Your assignment.
Your job is to give again, exactly and with no additions, the lines in the records below from the one with "Porträtt av en" through the one with "أدار اللقاء الإعلامي", both included. Omit the pictures.

Input.

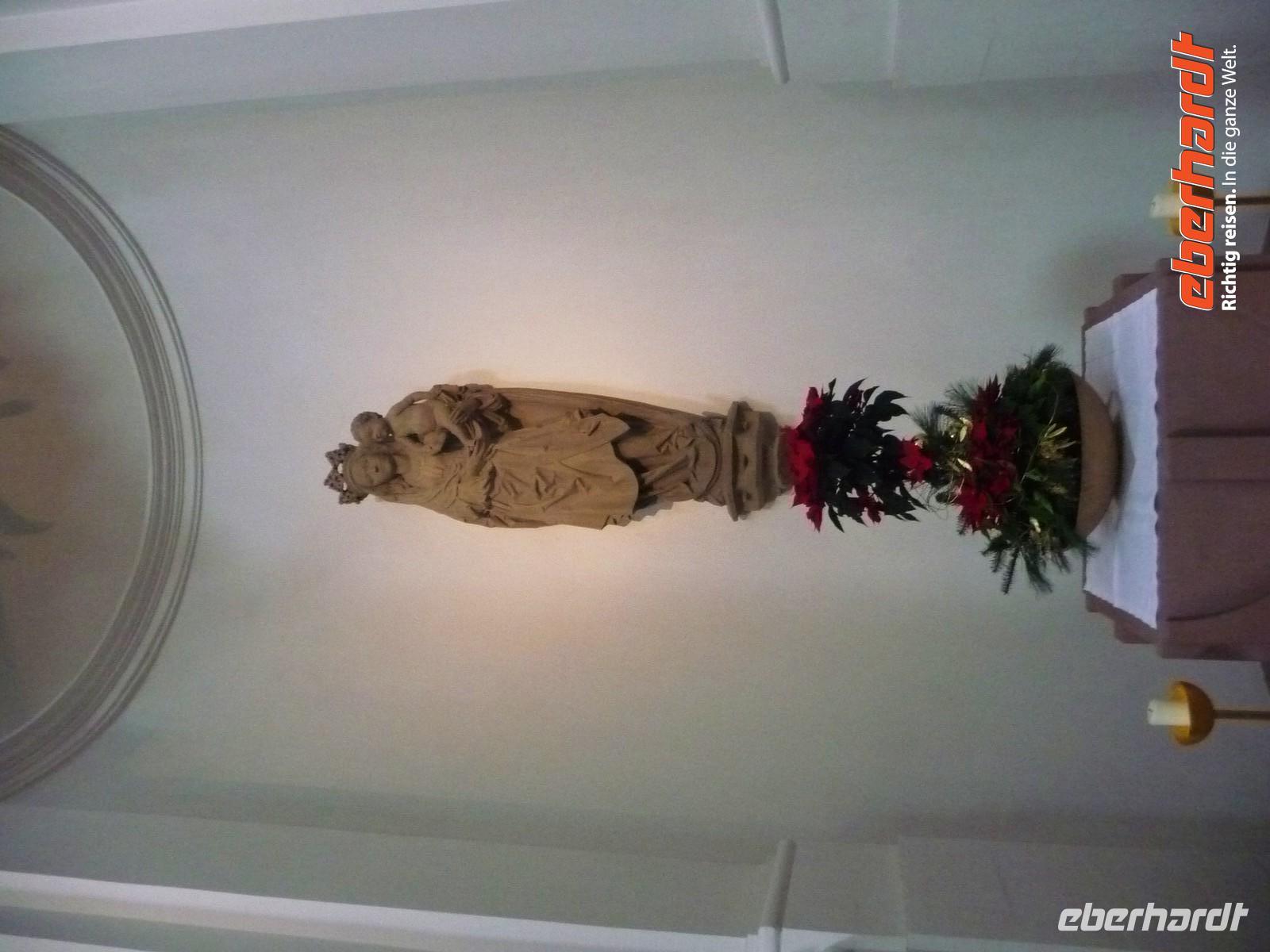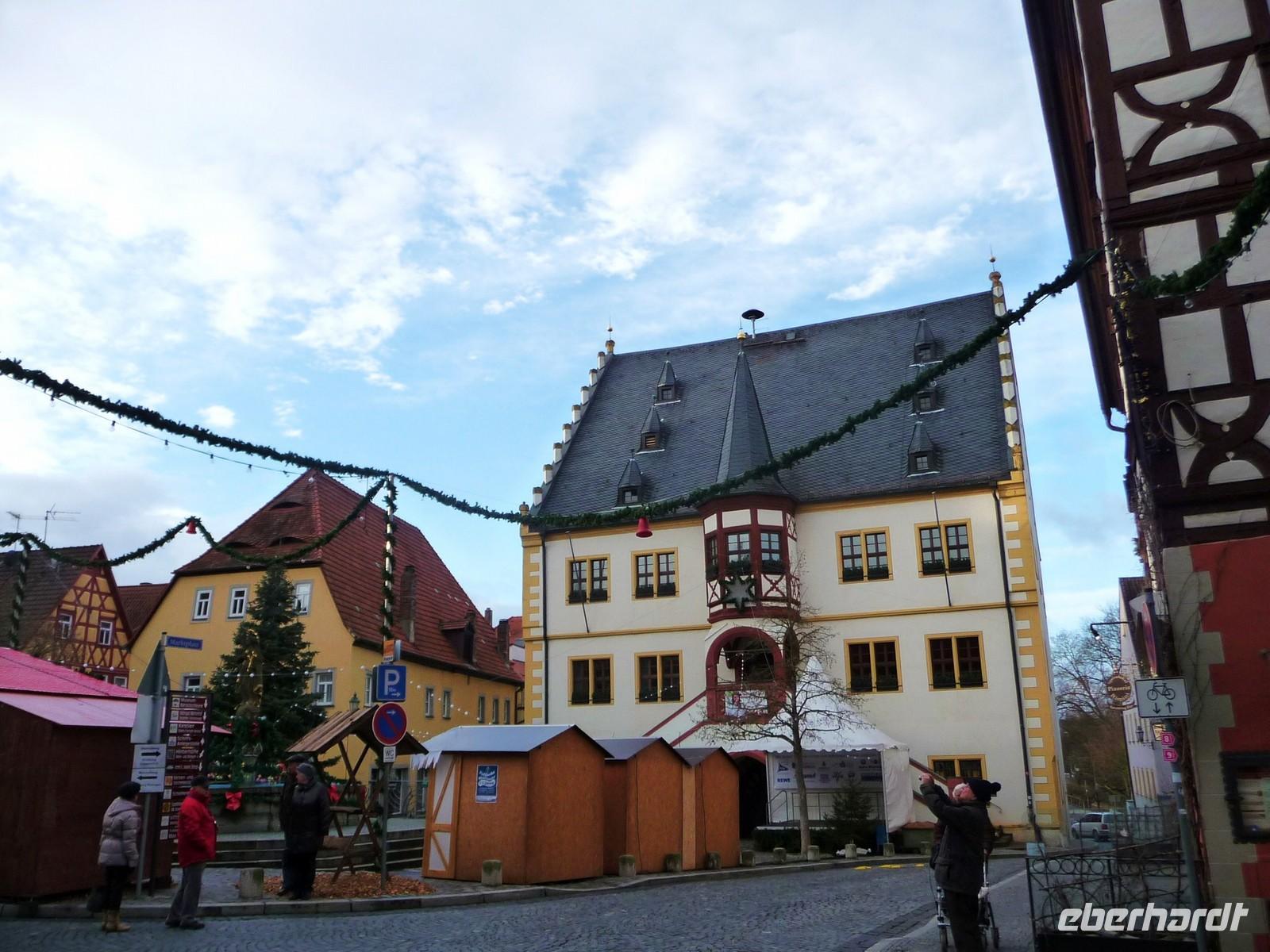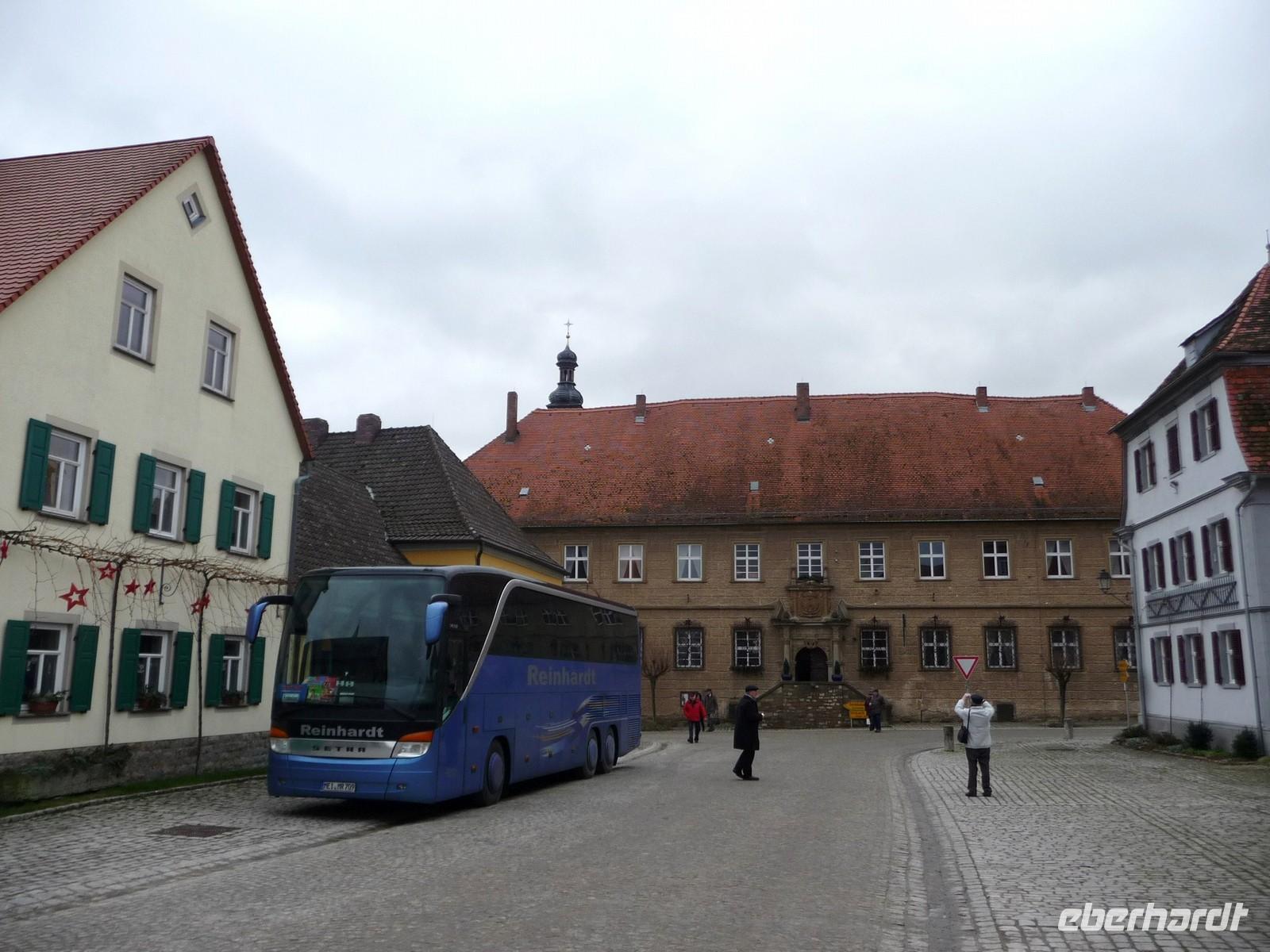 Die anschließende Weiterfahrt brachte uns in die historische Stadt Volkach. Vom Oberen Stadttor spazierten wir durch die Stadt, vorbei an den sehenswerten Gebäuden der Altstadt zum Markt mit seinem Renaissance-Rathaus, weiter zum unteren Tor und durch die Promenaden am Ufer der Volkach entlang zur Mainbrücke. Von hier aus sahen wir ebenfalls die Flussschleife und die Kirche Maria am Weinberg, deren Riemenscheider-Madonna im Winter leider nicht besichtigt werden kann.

* * *

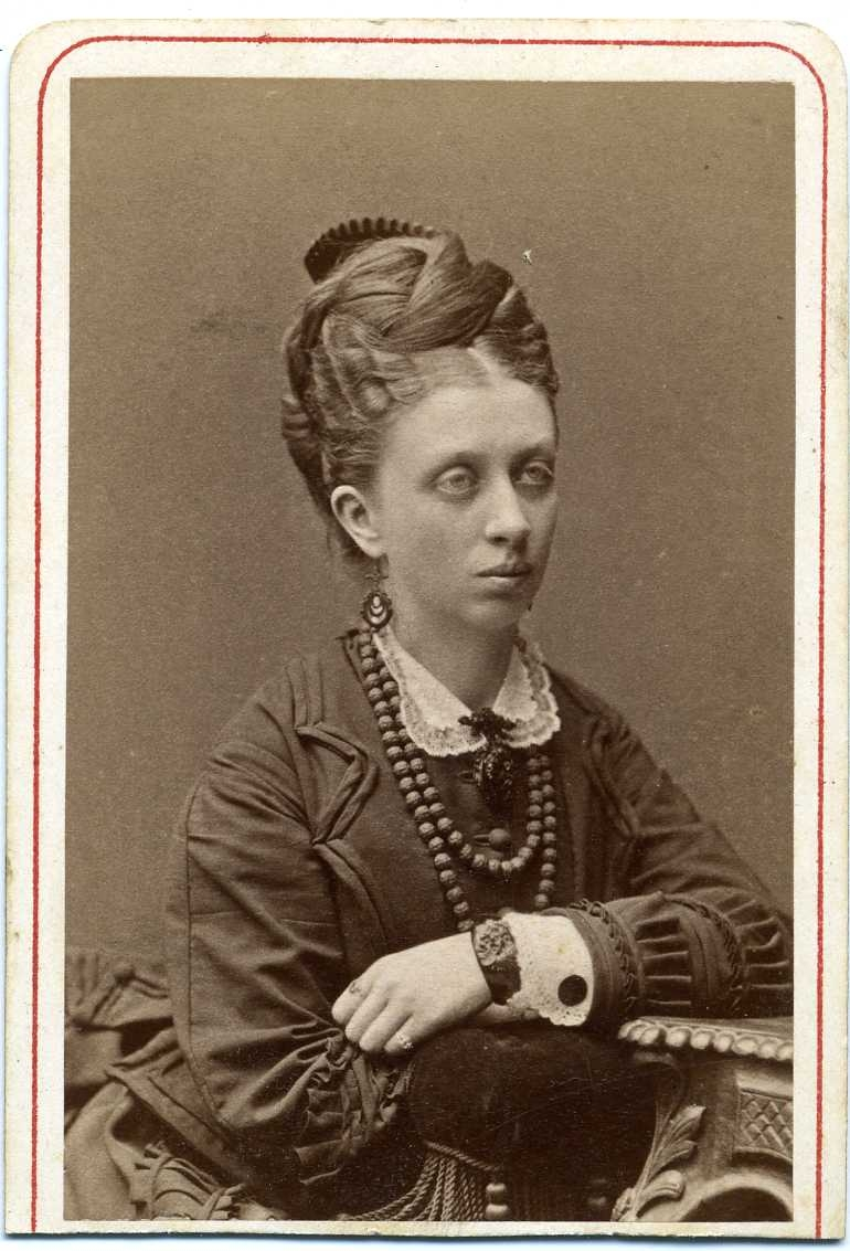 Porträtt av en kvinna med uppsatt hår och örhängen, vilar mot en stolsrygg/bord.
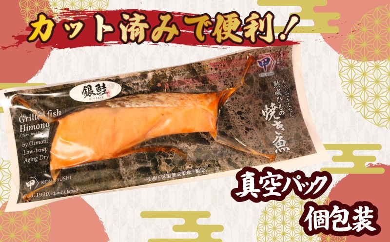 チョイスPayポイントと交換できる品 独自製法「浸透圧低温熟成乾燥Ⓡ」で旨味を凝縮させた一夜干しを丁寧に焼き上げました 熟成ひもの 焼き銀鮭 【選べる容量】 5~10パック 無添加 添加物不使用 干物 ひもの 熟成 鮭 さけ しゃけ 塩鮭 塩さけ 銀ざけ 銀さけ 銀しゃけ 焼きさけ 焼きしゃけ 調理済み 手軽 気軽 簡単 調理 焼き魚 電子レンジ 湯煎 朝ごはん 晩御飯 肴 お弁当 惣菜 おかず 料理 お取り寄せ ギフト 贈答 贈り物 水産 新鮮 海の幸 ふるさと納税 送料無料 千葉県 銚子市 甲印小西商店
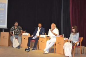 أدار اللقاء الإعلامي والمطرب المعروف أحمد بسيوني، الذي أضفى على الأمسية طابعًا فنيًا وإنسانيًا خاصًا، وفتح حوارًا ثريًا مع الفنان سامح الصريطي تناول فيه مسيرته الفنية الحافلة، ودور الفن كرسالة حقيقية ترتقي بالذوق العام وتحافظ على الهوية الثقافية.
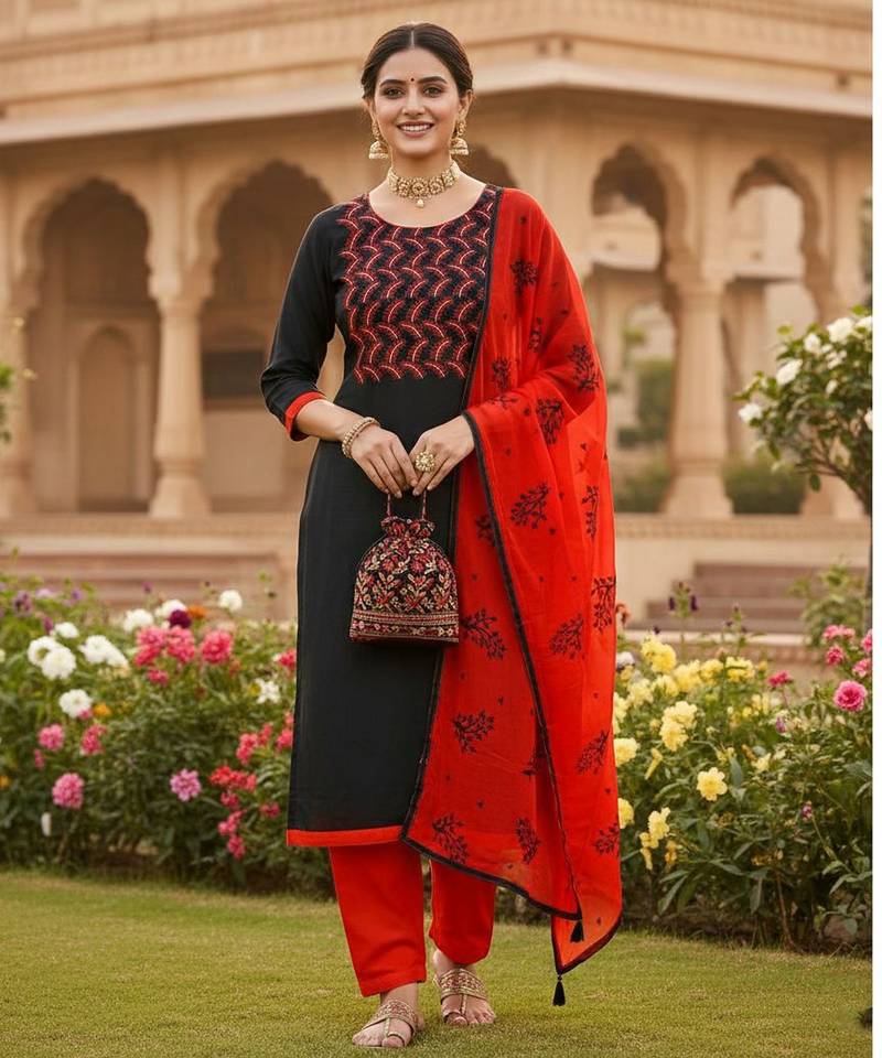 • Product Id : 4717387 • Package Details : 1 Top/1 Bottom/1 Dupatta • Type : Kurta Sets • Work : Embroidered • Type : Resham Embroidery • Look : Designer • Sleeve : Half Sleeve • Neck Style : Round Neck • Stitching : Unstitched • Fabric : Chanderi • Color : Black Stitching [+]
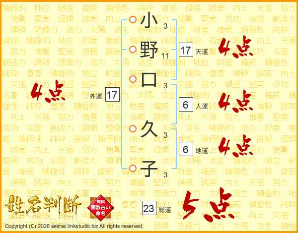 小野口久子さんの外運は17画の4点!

Answer for the task.
 Porträtt av en kvinna med uppsatt hår och örhängen, vilar mot en stolsrygg/bord.
 チョイスPayポイントと交換できる品 独自製法「浸透圧低温熟成乾燥Ⓡ」で旨味を凝縮させた一夜干しを丁寧に焼き上げました 熟成ひもの 焼き銀鮭 【選べる容量】 5~10パック 無添加 添加物不使用 干物 ひもの 熟成 鮭 さけ しゃけ 塩鮭 塩さけ 銀ざけ 銀さけ 銀しゃけ 焼きさけ 焼きしゃけ 調理済み 手軽 気軽 簡単 調理 焼き魚 電子レンジ 湯煎 朝ごはん 晩御飯 肴 お弁当 惣菜 おかず 料理 お取り寄せ ギフト 贈答 贈り物 水産 新鮮 海の幸 ふるさと納税 送料無料 千葉県 銚子市 甲印小西商店
 أدار اللقاء الإعلامي والمطرب المعروف أحمد بسيوني، الذي أضفى على الأمسية طابعًا فنيًا وإنسانيًا خاصًا، وفتح حوارًا ثريًا مع الفنان سامح الصريطي تناول فيه مسيرته الفنية الحافلة، ودور الفن كرسالة حقيقية ترتقي بالذوق العام وتحافظ على الهوية الثقافية.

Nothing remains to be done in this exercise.